• _ACTION ITEM_
From the data below, copy exactly the lines that lie between the one holding "Llanowar Greenwidow is" and the one holding "Trendyol Süper Lig'de", including both, and nothing more.

═════ DATA FOR THIS EXERCISE ═════

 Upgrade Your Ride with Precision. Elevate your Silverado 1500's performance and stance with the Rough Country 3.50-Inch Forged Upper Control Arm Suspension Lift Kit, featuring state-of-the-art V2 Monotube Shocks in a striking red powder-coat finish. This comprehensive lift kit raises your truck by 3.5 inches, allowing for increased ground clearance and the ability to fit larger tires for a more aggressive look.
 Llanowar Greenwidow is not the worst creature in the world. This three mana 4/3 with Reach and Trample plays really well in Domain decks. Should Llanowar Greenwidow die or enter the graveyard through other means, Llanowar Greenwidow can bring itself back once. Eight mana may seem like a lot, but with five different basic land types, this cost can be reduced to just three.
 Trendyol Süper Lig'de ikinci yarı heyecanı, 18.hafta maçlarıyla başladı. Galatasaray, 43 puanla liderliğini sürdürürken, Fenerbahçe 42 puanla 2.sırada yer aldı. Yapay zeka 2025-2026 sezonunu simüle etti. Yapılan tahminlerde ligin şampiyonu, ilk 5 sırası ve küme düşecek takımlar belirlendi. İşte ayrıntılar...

═════
═════ DATA FOR THIS EXERCISE ═════

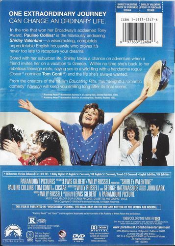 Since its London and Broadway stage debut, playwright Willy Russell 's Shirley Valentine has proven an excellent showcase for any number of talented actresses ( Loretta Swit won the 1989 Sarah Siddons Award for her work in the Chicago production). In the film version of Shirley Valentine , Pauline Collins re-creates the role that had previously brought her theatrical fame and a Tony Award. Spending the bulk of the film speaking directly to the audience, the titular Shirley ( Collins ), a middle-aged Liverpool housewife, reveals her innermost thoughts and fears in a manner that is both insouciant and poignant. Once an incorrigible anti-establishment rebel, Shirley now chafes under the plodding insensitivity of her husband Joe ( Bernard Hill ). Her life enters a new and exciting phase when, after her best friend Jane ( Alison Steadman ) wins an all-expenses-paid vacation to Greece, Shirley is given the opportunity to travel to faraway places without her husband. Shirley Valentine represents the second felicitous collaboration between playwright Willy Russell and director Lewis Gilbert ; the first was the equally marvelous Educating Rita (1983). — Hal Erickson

═════

• _ANSWER TO THE PROBLEM_
 Llanowar Greenwidow is not the worst creature in the world. This three mana 4/3 with Reach and Trample plays really well in Domain decks. Should Llanowar Greenwidow die or enter the graveyard through other means, Llanowar Greenwidow can bring itself back once. Eight mana may seem like a lot, but with five different basic land types, this cost can be reduced to just three.
 Trendyol Süper Lig'de ikinci yarı heyecanı, 18.hafta maçlarıyla başladı. Galatasaray, 43 puanla liderliğini sürdürürken, Fenerbahçe 42 puanla 2.sırada yer aldı. Yapay zeka 2025-2026 sezonunu simüle etti. Yapılan tahminlerde ligin şampiyonu, ilk 5 sırası ve küme düşecek takımlar belirlendi. İşte ayrıntılar...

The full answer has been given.